## EXERCISE DIRECTIONS
Look below. Copy each line that has "pour" in it.

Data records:
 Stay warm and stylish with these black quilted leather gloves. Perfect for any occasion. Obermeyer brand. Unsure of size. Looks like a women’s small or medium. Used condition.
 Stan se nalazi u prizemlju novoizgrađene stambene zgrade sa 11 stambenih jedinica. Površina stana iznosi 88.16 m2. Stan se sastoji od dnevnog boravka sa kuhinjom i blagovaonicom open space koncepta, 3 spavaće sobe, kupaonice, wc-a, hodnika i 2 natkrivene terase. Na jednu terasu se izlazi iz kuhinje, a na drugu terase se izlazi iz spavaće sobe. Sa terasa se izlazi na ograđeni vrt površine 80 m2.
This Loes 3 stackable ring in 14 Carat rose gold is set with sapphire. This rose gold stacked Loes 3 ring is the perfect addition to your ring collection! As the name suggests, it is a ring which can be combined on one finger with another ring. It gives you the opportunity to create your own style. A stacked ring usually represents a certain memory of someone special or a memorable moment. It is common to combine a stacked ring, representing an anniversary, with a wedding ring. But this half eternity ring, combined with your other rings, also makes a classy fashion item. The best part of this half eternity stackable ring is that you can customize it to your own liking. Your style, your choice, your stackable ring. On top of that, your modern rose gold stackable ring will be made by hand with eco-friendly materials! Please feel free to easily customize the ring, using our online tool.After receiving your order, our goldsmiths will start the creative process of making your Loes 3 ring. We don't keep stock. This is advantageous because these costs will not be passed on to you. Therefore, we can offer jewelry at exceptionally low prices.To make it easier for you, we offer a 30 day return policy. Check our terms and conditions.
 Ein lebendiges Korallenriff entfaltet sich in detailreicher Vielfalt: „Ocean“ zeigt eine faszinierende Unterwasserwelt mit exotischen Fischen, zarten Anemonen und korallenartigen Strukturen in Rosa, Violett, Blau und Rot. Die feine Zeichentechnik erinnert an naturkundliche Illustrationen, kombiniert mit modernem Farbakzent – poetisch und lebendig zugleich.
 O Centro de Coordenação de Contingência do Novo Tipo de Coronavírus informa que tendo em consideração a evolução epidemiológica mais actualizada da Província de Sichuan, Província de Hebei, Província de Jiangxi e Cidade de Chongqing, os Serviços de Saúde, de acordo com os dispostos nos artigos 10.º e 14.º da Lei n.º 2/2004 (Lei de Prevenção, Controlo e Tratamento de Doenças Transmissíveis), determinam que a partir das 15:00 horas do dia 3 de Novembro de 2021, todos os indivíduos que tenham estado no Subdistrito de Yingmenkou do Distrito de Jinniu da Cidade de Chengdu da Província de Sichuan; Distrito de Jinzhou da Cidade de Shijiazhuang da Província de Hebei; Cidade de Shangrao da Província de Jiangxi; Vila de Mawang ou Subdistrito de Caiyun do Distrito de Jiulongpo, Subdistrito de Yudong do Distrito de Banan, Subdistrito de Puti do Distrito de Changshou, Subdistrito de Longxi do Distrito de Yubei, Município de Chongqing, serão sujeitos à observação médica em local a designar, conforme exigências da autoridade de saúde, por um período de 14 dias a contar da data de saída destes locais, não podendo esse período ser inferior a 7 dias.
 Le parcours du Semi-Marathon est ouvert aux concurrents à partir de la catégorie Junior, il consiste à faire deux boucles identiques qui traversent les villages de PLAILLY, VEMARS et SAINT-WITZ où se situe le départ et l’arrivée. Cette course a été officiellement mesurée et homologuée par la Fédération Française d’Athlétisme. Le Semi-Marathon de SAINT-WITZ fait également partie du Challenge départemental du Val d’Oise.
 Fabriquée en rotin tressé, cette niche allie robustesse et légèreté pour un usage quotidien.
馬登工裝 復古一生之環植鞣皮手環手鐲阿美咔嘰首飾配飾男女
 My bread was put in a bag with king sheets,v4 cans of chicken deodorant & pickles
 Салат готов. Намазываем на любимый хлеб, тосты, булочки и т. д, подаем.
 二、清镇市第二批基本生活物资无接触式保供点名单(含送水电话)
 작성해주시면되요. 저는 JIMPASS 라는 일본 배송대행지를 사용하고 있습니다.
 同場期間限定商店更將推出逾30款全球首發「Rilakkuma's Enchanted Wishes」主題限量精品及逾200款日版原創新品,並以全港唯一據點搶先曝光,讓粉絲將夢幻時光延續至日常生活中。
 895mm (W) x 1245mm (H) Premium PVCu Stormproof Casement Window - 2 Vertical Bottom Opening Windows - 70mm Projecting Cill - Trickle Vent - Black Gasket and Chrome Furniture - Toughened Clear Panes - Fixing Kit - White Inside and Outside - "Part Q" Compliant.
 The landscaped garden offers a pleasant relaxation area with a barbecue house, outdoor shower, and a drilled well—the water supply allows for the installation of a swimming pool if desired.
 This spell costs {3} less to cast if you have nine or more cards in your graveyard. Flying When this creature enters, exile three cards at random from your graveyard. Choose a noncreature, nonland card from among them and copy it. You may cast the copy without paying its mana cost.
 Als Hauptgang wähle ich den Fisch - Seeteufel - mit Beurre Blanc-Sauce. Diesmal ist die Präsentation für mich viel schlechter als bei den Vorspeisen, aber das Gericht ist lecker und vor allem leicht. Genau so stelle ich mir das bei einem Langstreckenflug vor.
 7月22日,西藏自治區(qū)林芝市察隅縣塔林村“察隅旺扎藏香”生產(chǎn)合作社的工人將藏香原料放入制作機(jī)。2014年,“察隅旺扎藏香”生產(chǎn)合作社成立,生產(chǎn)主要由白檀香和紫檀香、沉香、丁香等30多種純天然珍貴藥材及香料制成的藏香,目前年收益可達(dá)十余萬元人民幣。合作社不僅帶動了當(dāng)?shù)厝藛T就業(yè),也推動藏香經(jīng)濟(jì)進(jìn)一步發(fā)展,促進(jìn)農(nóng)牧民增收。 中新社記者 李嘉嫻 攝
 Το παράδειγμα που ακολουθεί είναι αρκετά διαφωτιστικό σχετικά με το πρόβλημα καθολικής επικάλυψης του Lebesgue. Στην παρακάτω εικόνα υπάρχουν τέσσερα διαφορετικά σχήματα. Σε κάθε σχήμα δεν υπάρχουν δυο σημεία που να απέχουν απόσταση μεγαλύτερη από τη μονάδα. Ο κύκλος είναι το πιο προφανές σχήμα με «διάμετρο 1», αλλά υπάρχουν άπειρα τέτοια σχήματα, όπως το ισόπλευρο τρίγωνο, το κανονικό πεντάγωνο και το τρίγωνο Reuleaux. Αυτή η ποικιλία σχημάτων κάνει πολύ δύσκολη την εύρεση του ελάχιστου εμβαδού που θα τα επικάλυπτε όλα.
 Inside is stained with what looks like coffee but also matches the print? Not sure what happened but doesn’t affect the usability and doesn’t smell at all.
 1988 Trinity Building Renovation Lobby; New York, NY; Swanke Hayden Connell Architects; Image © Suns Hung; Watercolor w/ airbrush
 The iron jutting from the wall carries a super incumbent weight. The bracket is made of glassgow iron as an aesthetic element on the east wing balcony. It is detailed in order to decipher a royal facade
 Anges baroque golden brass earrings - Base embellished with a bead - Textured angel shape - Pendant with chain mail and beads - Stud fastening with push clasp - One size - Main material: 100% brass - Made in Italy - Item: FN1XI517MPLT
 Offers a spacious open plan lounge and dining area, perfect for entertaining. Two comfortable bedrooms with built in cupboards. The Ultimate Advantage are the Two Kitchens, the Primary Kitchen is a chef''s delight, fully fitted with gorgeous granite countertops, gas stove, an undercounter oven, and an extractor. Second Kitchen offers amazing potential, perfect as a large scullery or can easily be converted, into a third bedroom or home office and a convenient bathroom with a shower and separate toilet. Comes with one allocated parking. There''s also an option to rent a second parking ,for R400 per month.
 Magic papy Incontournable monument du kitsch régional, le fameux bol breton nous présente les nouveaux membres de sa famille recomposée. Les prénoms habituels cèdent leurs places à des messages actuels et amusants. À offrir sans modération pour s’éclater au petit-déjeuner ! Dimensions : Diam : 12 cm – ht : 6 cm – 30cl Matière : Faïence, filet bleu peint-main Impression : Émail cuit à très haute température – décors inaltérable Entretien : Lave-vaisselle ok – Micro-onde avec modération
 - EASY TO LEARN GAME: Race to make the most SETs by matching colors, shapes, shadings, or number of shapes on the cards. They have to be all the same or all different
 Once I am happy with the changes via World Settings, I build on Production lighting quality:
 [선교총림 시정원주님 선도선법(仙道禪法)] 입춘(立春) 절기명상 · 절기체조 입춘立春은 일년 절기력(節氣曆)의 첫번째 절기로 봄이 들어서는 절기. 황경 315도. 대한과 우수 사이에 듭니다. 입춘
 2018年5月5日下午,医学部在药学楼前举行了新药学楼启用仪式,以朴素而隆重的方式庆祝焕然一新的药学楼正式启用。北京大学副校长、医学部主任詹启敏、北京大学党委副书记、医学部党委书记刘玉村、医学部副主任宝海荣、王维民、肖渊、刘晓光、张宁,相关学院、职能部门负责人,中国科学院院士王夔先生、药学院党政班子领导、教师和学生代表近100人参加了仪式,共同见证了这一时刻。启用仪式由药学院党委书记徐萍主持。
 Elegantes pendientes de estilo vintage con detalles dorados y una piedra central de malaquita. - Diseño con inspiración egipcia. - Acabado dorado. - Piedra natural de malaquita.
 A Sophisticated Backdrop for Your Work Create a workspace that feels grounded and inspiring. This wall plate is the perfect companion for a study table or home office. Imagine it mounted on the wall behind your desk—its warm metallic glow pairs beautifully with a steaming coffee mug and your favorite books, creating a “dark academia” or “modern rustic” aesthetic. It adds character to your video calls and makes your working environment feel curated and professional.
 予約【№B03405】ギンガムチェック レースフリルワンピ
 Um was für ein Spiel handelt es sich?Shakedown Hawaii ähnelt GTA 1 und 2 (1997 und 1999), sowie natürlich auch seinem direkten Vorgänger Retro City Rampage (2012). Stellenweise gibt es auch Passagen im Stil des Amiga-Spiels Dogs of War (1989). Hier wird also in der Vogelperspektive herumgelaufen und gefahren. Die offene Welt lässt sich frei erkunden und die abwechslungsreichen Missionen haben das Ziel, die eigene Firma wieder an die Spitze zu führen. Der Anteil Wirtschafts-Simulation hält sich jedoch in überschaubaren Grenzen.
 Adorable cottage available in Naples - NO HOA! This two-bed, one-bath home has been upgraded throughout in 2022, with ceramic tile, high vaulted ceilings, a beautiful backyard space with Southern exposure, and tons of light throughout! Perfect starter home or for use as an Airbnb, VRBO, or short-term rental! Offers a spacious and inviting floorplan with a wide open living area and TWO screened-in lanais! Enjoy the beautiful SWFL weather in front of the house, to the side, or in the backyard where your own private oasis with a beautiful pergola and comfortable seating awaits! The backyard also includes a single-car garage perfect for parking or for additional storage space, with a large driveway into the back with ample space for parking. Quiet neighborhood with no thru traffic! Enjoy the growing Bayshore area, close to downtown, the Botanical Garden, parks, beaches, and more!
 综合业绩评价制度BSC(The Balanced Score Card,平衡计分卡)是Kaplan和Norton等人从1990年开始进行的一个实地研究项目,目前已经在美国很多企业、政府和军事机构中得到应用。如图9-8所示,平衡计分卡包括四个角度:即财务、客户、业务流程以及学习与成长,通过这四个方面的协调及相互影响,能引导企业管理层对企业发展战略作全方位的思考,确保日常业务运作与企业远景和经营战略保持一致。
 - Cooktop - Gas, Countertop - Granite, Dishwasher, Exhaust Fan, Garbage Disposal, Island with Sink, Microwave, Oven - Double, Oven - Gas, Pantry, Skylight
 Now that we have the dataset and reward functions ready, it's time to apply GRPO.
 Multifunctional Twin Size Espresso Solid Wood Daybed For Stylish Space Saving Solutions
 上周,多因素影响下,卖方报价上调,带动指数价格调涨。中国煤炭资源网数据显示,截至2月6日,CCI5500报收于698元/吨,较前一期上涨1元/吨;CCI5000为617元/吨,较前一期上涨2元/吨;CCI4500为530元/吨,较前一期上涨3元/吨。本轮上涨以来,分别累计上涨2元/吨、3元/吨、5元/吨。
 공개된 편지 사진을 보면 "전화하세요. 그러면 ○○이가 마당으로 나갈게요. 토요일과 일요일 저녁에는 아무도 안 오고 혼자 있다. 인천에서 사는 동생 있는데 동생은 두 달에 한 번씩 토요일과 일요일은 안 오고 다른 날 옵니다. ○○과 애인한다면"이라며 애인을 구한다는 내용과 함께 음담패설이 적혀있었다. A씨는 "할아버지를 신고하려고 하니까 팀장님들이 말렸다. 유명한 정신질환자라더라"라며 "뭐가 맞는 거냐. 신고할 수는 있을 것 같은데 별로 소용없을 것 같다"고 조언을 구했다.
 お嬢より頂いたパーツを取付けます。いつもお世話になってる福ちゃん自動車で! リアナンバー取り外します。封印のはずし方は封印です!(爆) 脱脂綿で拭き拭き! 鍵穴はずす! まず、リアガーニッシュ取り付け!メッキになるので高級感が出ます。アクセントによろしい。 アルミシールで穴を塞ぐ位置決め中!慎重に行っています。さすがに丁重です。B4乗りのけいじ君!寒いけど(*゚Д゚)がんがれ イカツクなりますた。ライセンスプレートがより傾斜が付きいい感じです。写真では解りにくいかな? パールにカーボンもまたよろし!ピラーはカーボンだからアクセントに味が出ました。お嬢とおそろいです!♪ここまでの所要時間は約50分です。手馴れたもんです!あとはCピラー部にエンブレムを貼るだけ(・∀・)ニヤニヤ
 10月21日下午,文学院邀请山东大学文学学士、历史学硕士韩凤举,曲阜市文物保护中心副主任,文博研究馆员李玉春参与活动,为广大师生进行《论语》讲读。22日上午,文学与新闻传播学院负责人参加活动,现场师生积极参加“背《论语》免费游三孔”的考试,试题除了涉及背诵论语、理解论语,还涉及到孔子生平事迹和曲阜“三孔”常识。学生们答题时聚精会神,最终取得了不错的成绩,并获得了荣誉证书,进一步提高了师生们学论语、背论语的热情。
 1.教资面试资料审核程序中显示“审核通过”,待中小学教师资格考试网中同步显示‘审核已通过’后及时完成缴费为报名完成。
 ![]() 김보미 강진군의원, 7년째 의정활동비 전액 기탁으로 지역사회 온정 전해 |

## EXPECTED ANSWER
 Fabriquée en rotin tressé, cette niche allie robustesse et légèreté pour un usage quotidien.
 Magic papy Incontournable monument du kitsch régional, le fameux bol breton nous présente les nouveaux membres de sa famille recomposée. Les prénoms habituels cèdent leurs places à des messages actuels et amusants. À offrir sans modération pour s’éclater au petit-déjeuner ! Dimensions : Diam : 12 cm – ht : 6 cm – 30cl Matière : Faïence, filet bleu peint-main Impression : Émail cuit à très haute température – décors inaltérable Entretien : Lave-vaisselle ok – Micro-onde avec modération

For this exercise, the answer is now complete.